The task
Because the images are not wanted, restate every line below word for word without them.

Information supplied
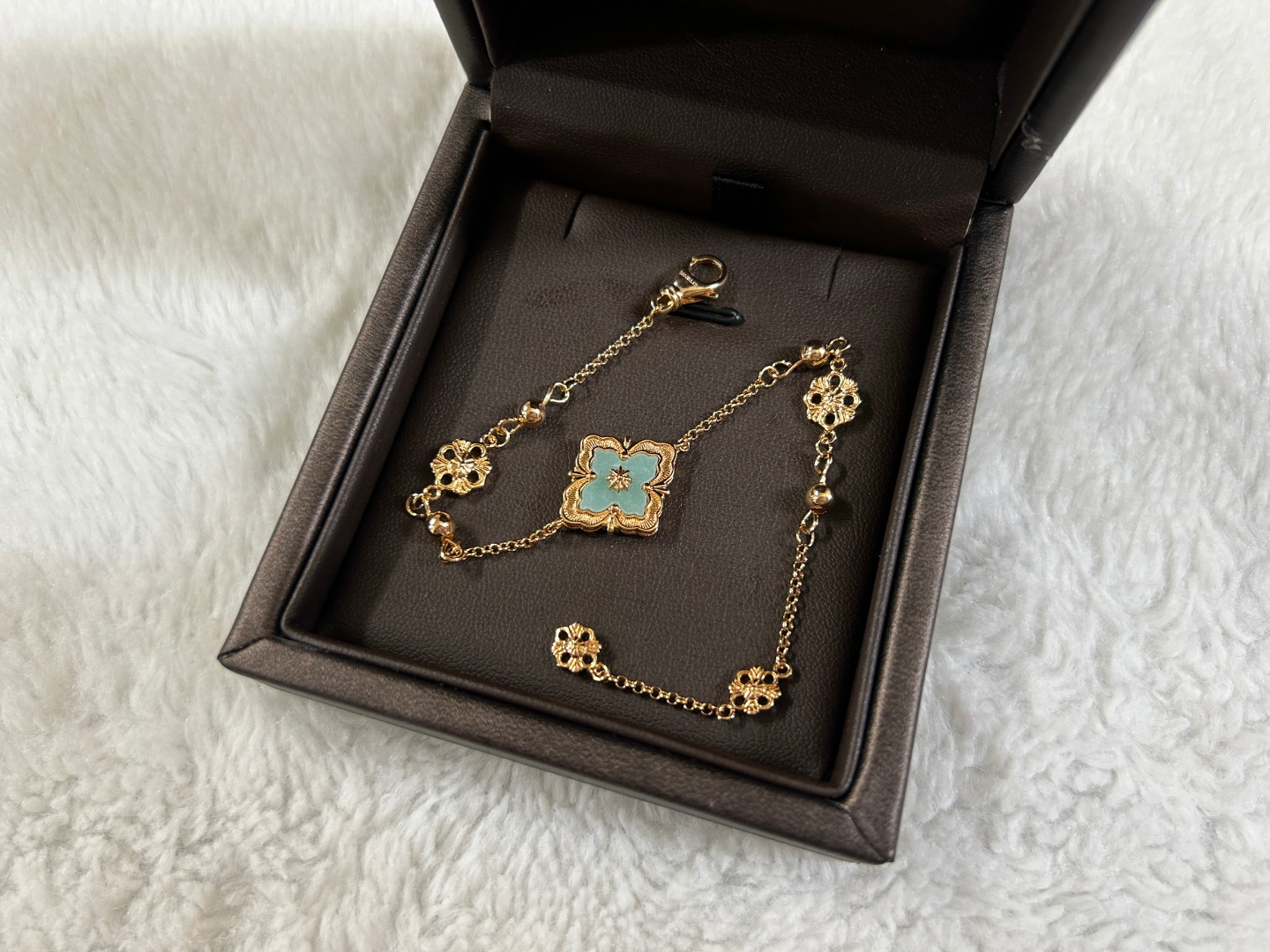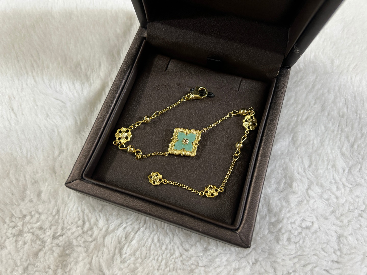 这款首饰是AAAAA 1:1 质量 (非常棒). 使用了和原版一模一样的材料. 商标部分也保持了和Buccellati一样. 图片拍摄是实物首饰拍摄, 您所收到的实物保证和我们图片一模一样.
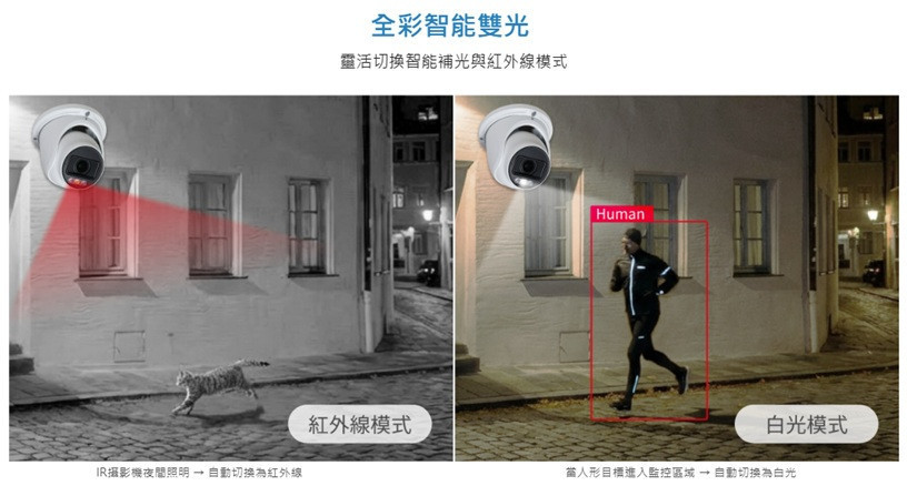 - 白光+紅外雙補光夜視(白光40m / 紅外50m) 白光投射距離 30–40m;紅外夜視距離 30–50m,支援智能補光與 ICR 日夜自動切換。
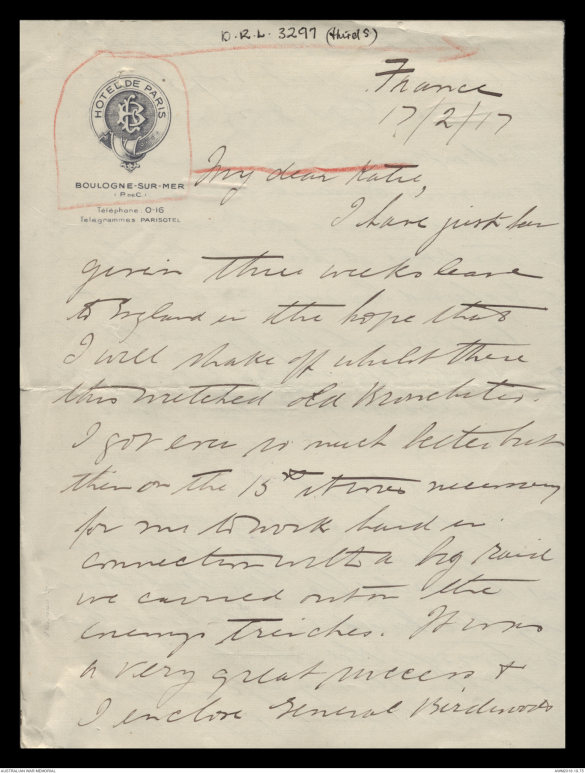 I enclose General Birdwood's

Solution
 这款首饰是AAAAA 1:1 质量 (非常棒). 使用了和原版一模一样的材料. 商标部分也保持了和Buccellati一样. 图片拍摄是实物首饰拍摄, 您所收到的实物保证和我们图片一模一样.
 - 白光+紅外雙補光夜視(白光40m / 紅外50m) 白光投射距離 30–40m;紅外夜視距離 30–50m,支援智能補光與 ICR 日夜自動切換。
 I enclose General Birdwood's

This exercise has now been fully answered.